You did this with an AI and you do not understand what you're doing here

AI-Generated Security Reports (“Slop”)

  • Many comments see the HackerOne curl report as emblematic of a new wave of LLM-generated “security research”: long, confident, but technically empty reports.
  • People note telltale markers: over-politeness, flawless but generic prose, emojis, em‑dashes, verbose “enterprise-style” text, and bogus PoCs that don’t exercise the target code at all.
  • There’s concern that some submissions may be fully automated “agents” churning out reports for clout, CV lines, or bug bounties, with little or no human oversight.

Burden on Maintainers and OSS

  • Maintaining projects like curl is described as “absolutely exhausting” under a flood of AI slop, especially for security reports that must be taken seriously.
  • This is framed as a new kind of DoS: not against servers, but against human attention and goodwill; risks include burnout of volunteer maintainers and erosion of trust in bug reports.
  • Some argue the public “shaming” of such reports is a necessary deterrent and educational service.

LLMs and Real Security Work

  • Practitioners report that current models are not reliable 0‑day finders; fuzzers and traditional tools remain far more effective.
  • AI can help with targeted tasks (e.g., OCR cleanup, summarizing, some code navigation), but claims of “0‑day oracles” are viewed as hype.
  • There is worry about attackers eventually using tuned models at scale, but others say we’re not there yet.

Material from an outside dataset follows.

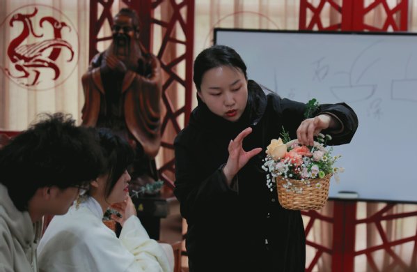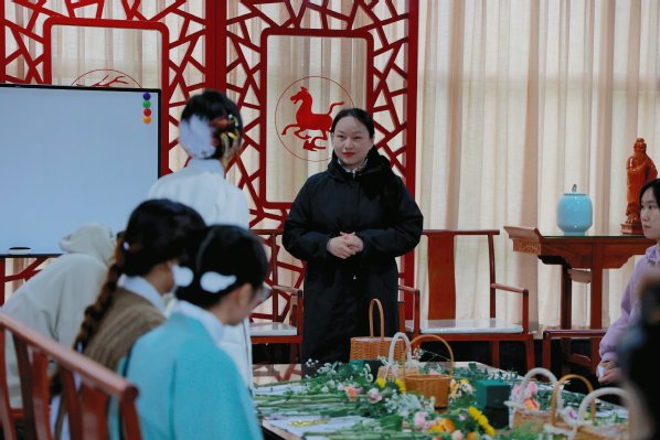 新闻中心讯(记者 周逸文)“插花是一种文化艺术,中式插花以借花抒情、托物言志为特色,更加崇尚自然美,追求意境和韵味……”4月4日12:00,BB贝博艾弗森官方网站在国学馆举办了一场中国传统插花艺术主题活动——花朝雅集。本次活动由校团委组织、国学教育研究院刘俐君博士主讲,30余名学生参与,体验传统插花艺术的魅力。

Responsibility and Human-in-the-Loop

  • Several comments argue that if you submit AI-generated output (PRs, reports, essays), you own it and must verify it; forwarding raw LLM output is called lazy and unethical.
  • Others note humans are poor at acting only as “sanity-checkers” for automation under time pressure; responsibility tends to devolve onto the weakest link.

Mitigation Ideas

  • Suggestions include: charging a small fee or deposit per report (refunded for valid ones), rate-limiting early accounts, greylisting emoji-heavy or obviously AI-styled text, or banning unreviewed AI/agent contributions.
  • Critics of paywalls worry this will also deter good-faith, low-income or casual researchers and reduce valuable findings.

Broader AI Overuse and Social Effects

  • Similar AI slop is reported in GitHub PRs, customer support tickets, resumes, classroom assignments, online courses, and forums.
  • This leads to longer, lower-signal communication (AI-written expanded messages then AI-generated summaries), described as the “opposite of data compression.”
  • Educators and employers see students and juniors outsourcing thinking to AI, with concerns about skill atrophy, misaligned incentives, and a cultural shift toward superficial “output” over understanding.

Trust, Detection, and Future Risks

  • People worry that as AI-generated text becomes subtler, distinguishing human vs AI content will get harder, encouraging paranoia and more closed or identity-verified communities.
  • There’s speculation that spammy reports might also be probing processes: mapping response times and review rigor as a prelude to more serious attacks.